For each option, we'll create a copy of `housing` and work on that copy to avoid breaking `housing`. We'll also show the output of each option, but filtering on the rows that originally contained a NaN value.

In [None]:
null_rows_idx = housing.isnull().any(axis=1)
housing.loc[null_rows_idx].head()

In [None]:
housing_option1 = housing.copy()

housing_option1.dropna(subset=["total_bedrooms"], inplace=True)  # option 1

housing_option1.loc[null_rows_idx].head()

In [None]:
housing_option2 = housing.copy()

housing_option2.drop("total_bedrooms", axis=1, inplace=True)  # option 2

housing_option2.loc[null_rows_idx].head()

## Imputation

Alternatively, we can impute the data!  "Imputation" means filling the data in with assumptions based on other values in the dataset. Here, we just imputing with the median value.  There are many additional approaches here, though.

In [None]:
housing_option3 = housing.copy()

median = housing["total_bedrooms"].median()
housing_option3["total_bedrooms"].fillna(median, inplace=True)  # option 3

housing_option3.loc[null_rows_idx].head()

Instead of doing this by hand, we can use SKLearn's imputation methods.  We'll cover this more later.

In [None]:
from sklearn.impute import SimpleImputer

imputer = SimpleImputer(strategy="median")

Separating out the numerical attributes to use the `"median"` strategy (as it cannot be calculated on text attributes like `ocean_proximity`):

In [None]:
housing_num = housing.select_dtypes(include=[np.number])

In [None]:
imputer.fit(housing_num)

In [None]:
imputer.statistics_

Check that this is the same as manually computing the median of each attribute:

In [None]:
housing_num.median().values

Note that imputers in SciKit learn follow the "Transformer" API, which is used to transform data prior to modeling.

In [None]:
X = imputer.transform(housing_num)

In [None]:
imputer.feature_names_in_

In [None]:
housing_tr = pd.DataFrame(X, columns=housing_num.columns,
                          index=housing_num.index)

In [None]:
housing_tr.loc[null_rows_idx].head()

In [None]:
imputer.strategy

In [None]:
housing_tr = pd.DataFrame(X, columns=housing_num.columns,
                          index=housing_num.index)

In [None]:
housing_tr.loc[null_rows_idx].head()  # not shown in the book

## Removing Outliers

Another important step in data pre-processing is the removal of outliers.  There are several ways to do this - here, we use SciKit Learn's Isolation forest.  However, it's equally reasonable just to examine distributions and set thresholds on your data.

In [None]:
from sklearn.ensemble import IsolationForest

isolation_forest = IsolationForest(random_state=42)
outlier_pred = isolation_forest.fit_predict(X)

In [None]:
outlier_pred

If you wanted to drop outliers, you would run the following code:

In [None]:
#housing = housing.iloc[outlier_pred == 1]
#housing_labels = housing_labels.iloc[outlier_pred == 1]

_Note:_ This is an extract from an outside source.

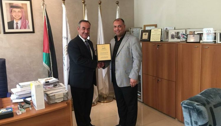 رئیس مجلس إدارة جمعیة_الفنادق لأردنیة عبد الحكیم محمود الھندي يكرم رئيس نقابة الخدمات العامة

## Handling Text and Categorical Attributes

The SciKit learn API doesn't really handle categorical attributes, which means we have to transform them into a numeric representation.  This is called _encoding_.  Here, we'll preprocess the categorical input feature, `ocean_proximity`:

In [None]:
housing_cat = housing[["ocean_proximity"]]
housing_cat.head(8)

We'll use an ordinal encoder here, which simply replaces each categorical entry with a number corresponding to it's sort order (alphabetic, if not otherwise specified).

In [None]:
from sklearn.preprocessing import OrdinalEncoder

ordinal_encoder = OrdinalEncoder()
housing_cat_encoded = ordinal_encoder.fit_transform(housing_cat)

In [None]:
housing_cat_encoded[:8]

In [None]:
ordinal_encoder.categories_

As we will discuss, ordinal encoding is not always a great idea, because it introduces a distance attribute where this may not be intended.  For instance, consider a categorical column containing fruits like "apple", "banana", and "cantaloupe".  These would become encoded as 0,1, and 2 respectively.  An ML model might interpret this to mean that apples and bananas are closer together than apples and cantaloupes.  For this reason, we usually encode categorical attributes with a one-hot encoder, we transforms each unique categorical value into a single binary attribute. This can be done in either pandas or sklearn - we will generally prefer the latter, even though the version in pandas has a somewhat simpler API.  We will discuss the merits of both later on.

In [None]:
from sklearn.preprocessing import OneHotEncoder

cat_encoder = OneHotEncoder()
housing_cat_1hot = cat_encoder.fit_transform(housing_cat)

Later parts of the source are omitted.